Ze schrokken een beetje… fluisterden wat tegen elkaar maar ik hoorde het woord niet meer. Het waren jonge meiden. Ze hadden volgens mij geen kwaad in de zin en beseften niet hoe hun taalgebruik overkwam bij derden. Ik schrik er elke keer van als iemand het gebruikt als stopwoordje, of het voor vele zelfstandige naamwoorden plakt. Ook als het tijdens het zappen serieus over kanker gaat, zap ik tegenwoordig door. Sinds de film ‘Wit’, wit als in humor, kan ik er niet meer zo goed tegen. Zeker de slotscène waarin de hoofdrolspeelster sterft en gefilmd wordt vanaf hetzelfde punt als waar ik zelf stond toen ik mijn vader op zijn vijfenvijftigste z’n laatste adem zag uitblazen.  Blij en een beetje trots dat ik er iets van gezegd had en dat het schijnbaar geholpen had, vervolgde ik mijn rit en zag zelfs iets van goedkeurende blikken in de spiegel bij passagiers die eerder afkeurend gekeken hadden. 

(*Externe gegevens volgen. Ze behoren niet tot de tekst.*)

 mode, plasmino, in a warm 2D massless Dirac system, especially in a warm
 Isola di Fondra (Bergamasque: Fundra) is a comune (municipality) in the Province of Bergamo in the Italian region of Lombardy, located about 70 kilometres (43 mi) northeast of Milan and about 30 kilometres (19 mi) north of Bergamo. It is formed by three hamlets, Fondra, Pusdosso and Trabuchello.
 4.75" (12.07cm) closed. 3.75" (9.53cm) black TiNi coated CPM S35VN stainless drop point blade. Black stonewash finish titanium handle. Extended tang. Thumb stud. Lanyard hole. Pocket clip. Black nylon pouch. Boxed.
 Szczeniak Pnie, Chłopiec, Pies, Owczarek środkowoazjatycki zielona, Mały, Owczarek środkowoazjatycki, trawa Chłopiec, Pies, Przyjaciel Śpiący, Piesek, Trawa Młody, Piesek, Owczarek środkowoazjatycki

 Bij het verlaten van de bus op het eindpunt stapte de groep één voor één voorin uit. Ik zat klaar om ze te bedanken toen de eerste schichtig uitstapte en tussen fluisteren en praten in, ‘kanker’ zei , een beetje als Gollem. Had ik dat nou goed gehoord? De tweede bevestigde het helaas door ook snel “kanker’ te zeggen terwijl ze me passeerde bij het uitstappen… en de derde, ‘kanker’… de vierde: ‘kanker’, de vijfde: kanker’ en de zesde… 

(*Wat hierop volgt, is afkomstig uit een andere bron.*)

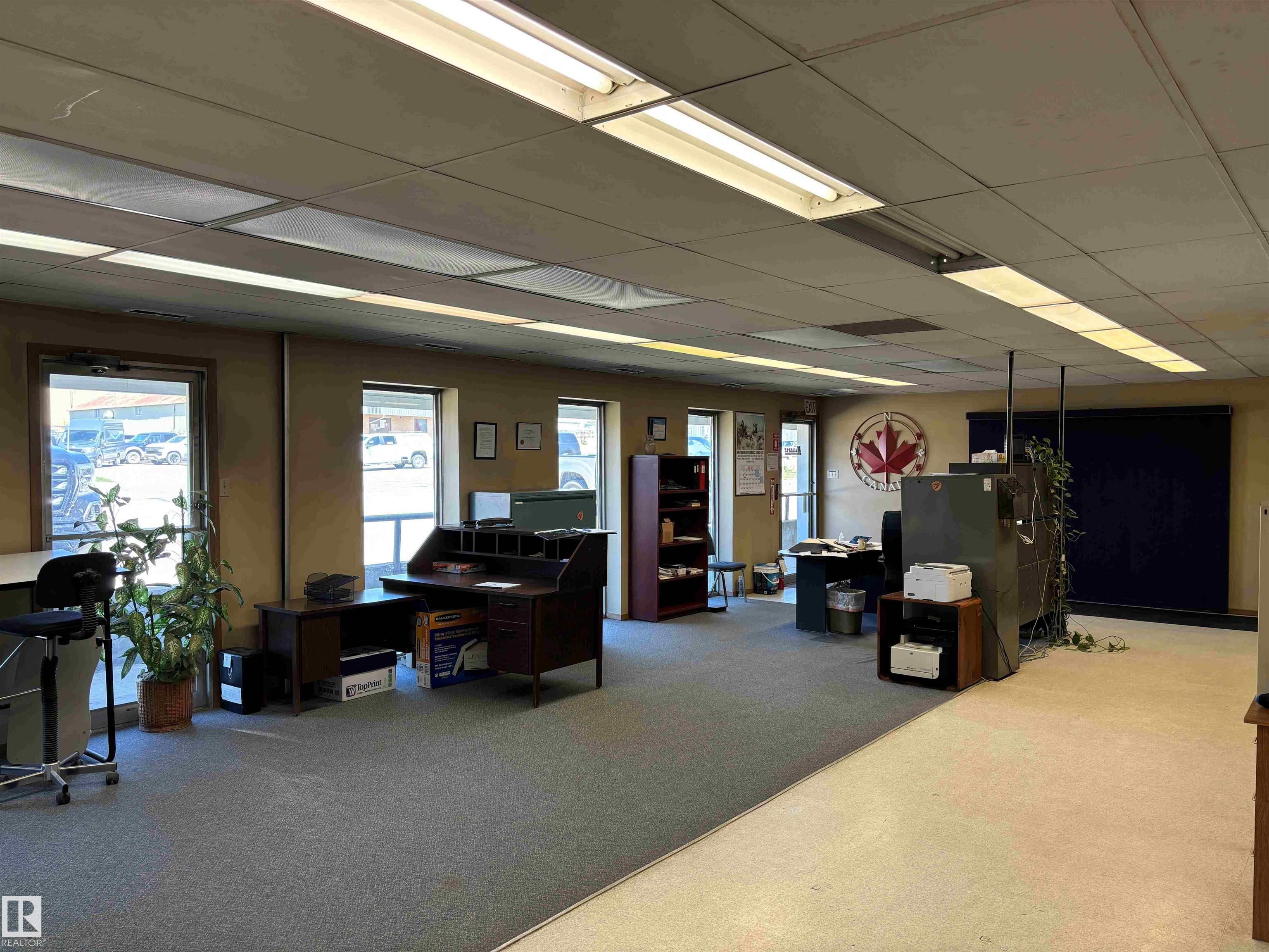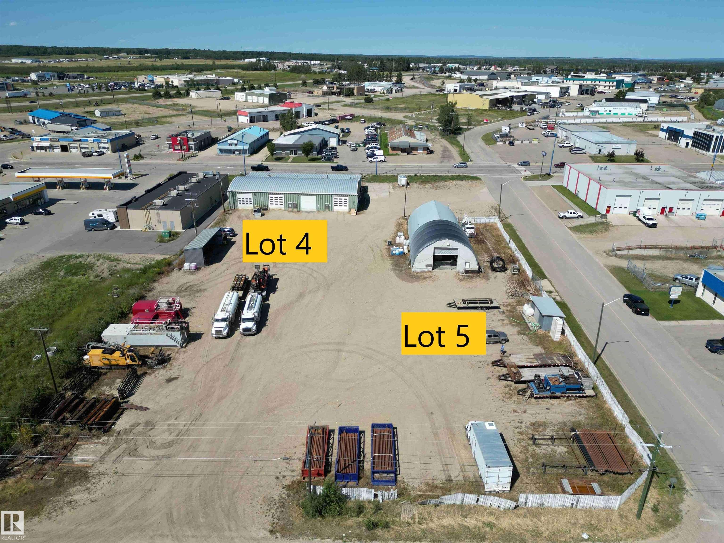 Located on 50 Ave, close to Hwy 22, this 1.1 acre lot comes with a 9000+ sq ft building with 3 offices and 3 bays. The office and shop configuration is: One large office bay (approx. 30' x 54') combined with a large shop bay (approx. 48' x 54') with two 14' x 14' overhead doors and a 10' x 50' mezzanine and two smaller office bays (approximately 30' x 28') each combined with their own shop bay (approx. 28' x 48') and 14' x 14' overhead door. Adjoining 1.1 acre lot to the east, Lot 5, is also available for sale. Zoned C-Gen (Commercial, General District).

Bij de tweede was ik al verbijsterd en na de vierde was ik verslagen. Ik voelde me uit het veld geslagen… meer dan toen ik voor kankerhond werd uitgemaakt door een wandelende barbiepop met een twijfelachtige opvoeding,  en liet me over m’n stuur zakken… met m’n hoofd tussen m’n armen. Ik dacht wel iets mee te hebben gemaakt maar dit sloeg alles. Dit was persoonlijk omdat ik de duveltjes had ‘durven aan te spreken’… In de eer getast? Gewoon grenszoekende gedragspatronen in de puberteit? Groepsdruk? In geen van deze mogelijke verklaringen, kon ik iets van rechtvaardiging voor het gebeurde vinden. Ik begreep het ècht niet!   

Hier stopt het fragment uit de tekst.